TASK ITEM »
Restate, word for word, the run of lines that starts at the line containing "Sydney Lucy Summers" and ends with the final line of the listing. Leave pictures out.

SUPPLIED INFORMATION »
::::

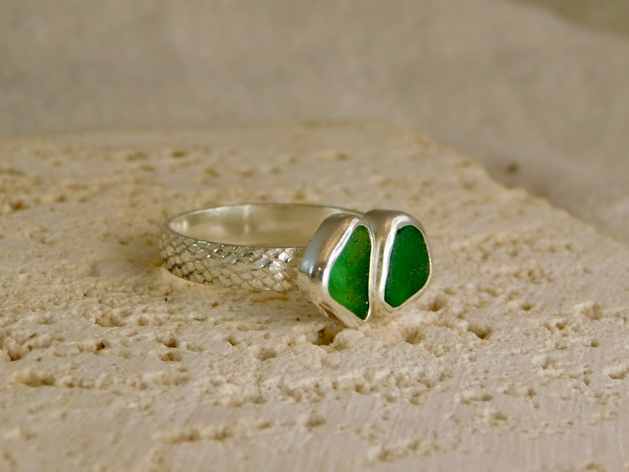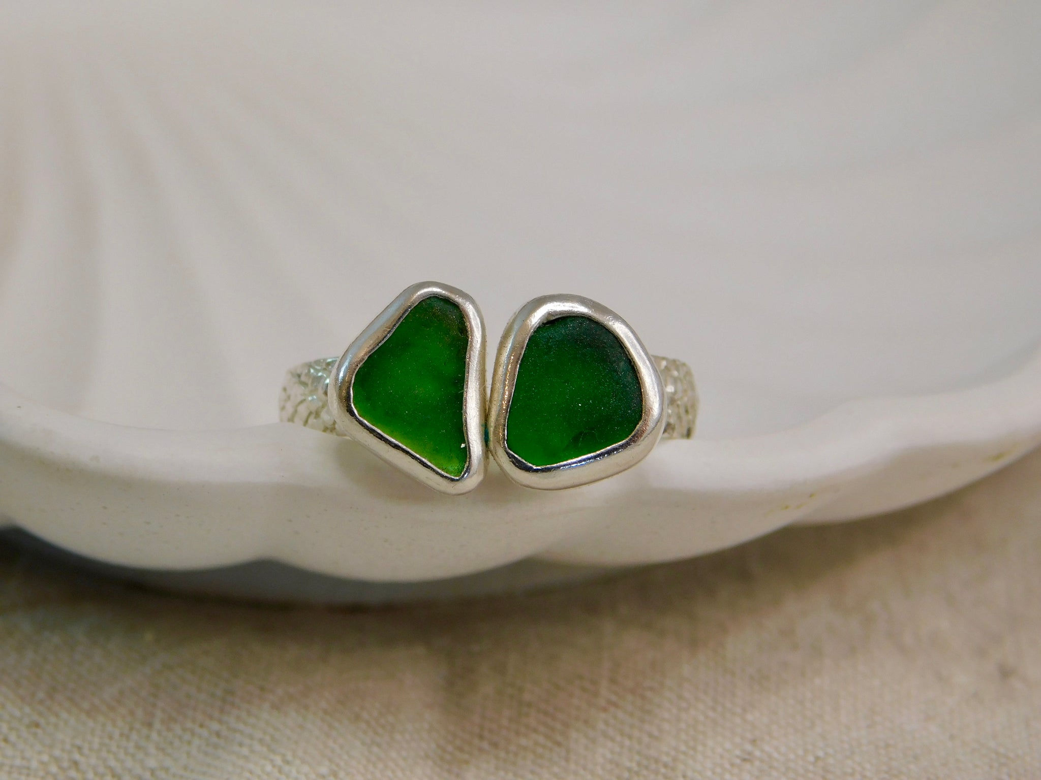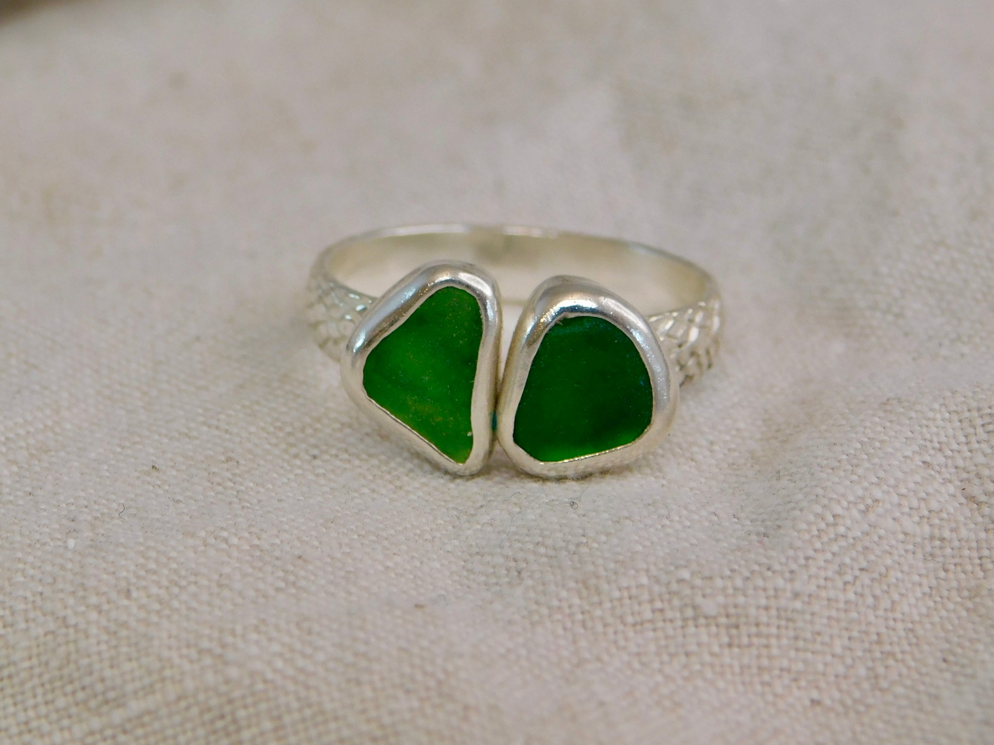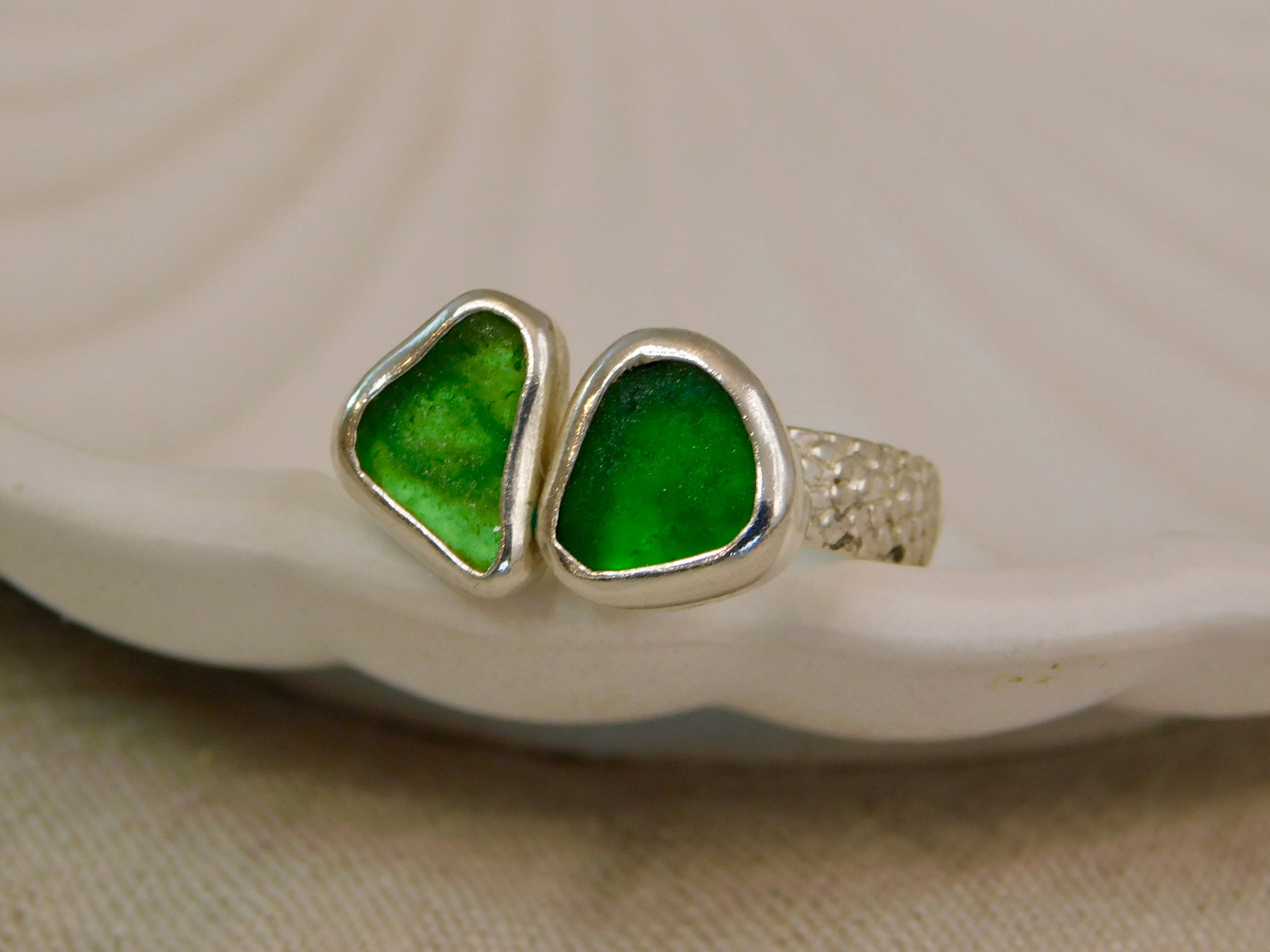 This lovely ring consists of two pieces of sea glass, in beautiful greeb shades, making a statement ring.
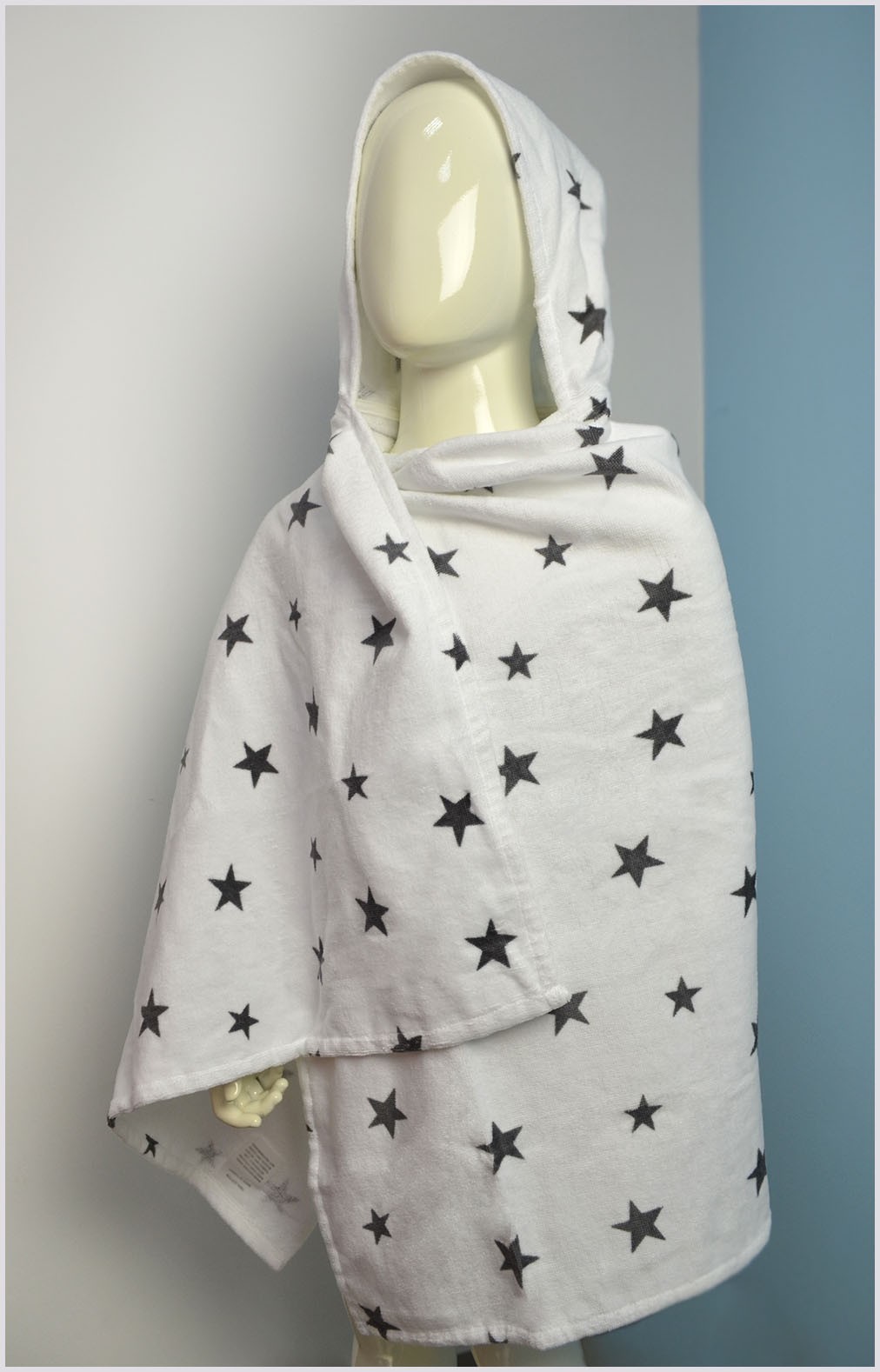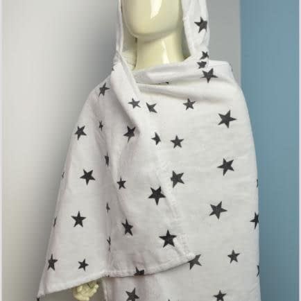 Пончо велюрове дитяче "Чорні зірочки на білому тлі" 130х70см 147164
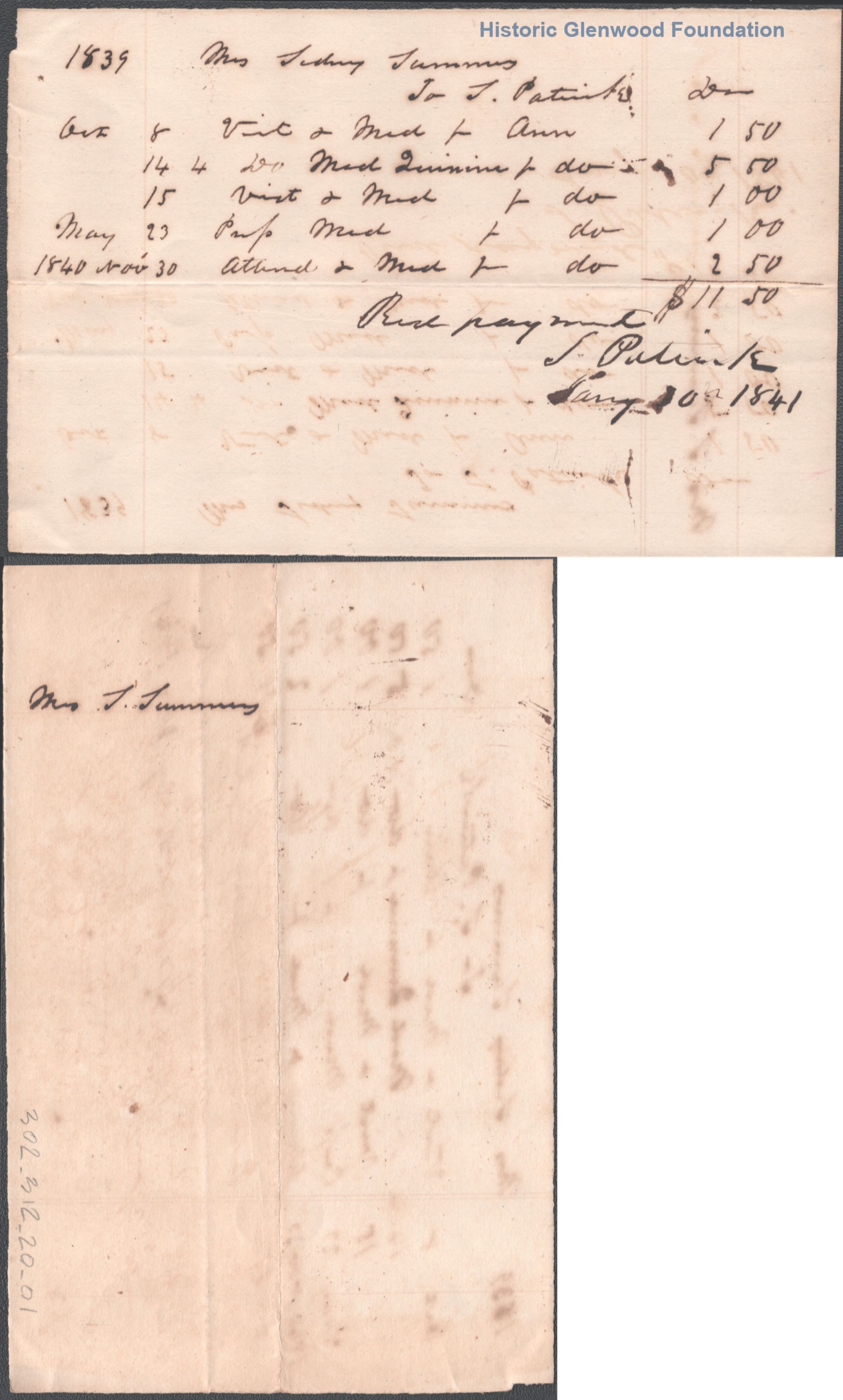 Sydney Lucy Summers Summers, bill from Dr. Spicer Patrick, 1839
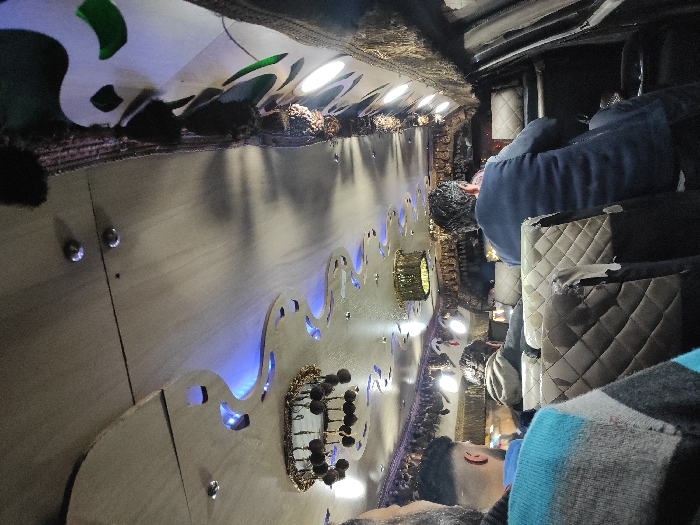 inside of a vehicle, possibly a van or bus, with ornate interior design. The ceiling has cut-out shapes with blue and white lighting. Embellishments line the edges, and decorative metal pieces adorn the walls. People are seated on upholstered benches or seats, and overhead storage is visible. The overall aesthetic leans towards a customized, luxurious mobile space.

::::

RESPONSE AREA »
 Sydney Lucy Summers Summers, bill from Dr. Spicer Patrick, 1839
 inside of a vehicle, possibly a van or bus, with ornate interior design. The ceiling has cut-out shapes with blue and white lighting. Embellishments line the edges, and decorative metal pieces adorn the walls. People are seated on upholstered benches or seats, and overhead storage is visible. The overall aesthetic leans towards a customized, luxurious mobile space.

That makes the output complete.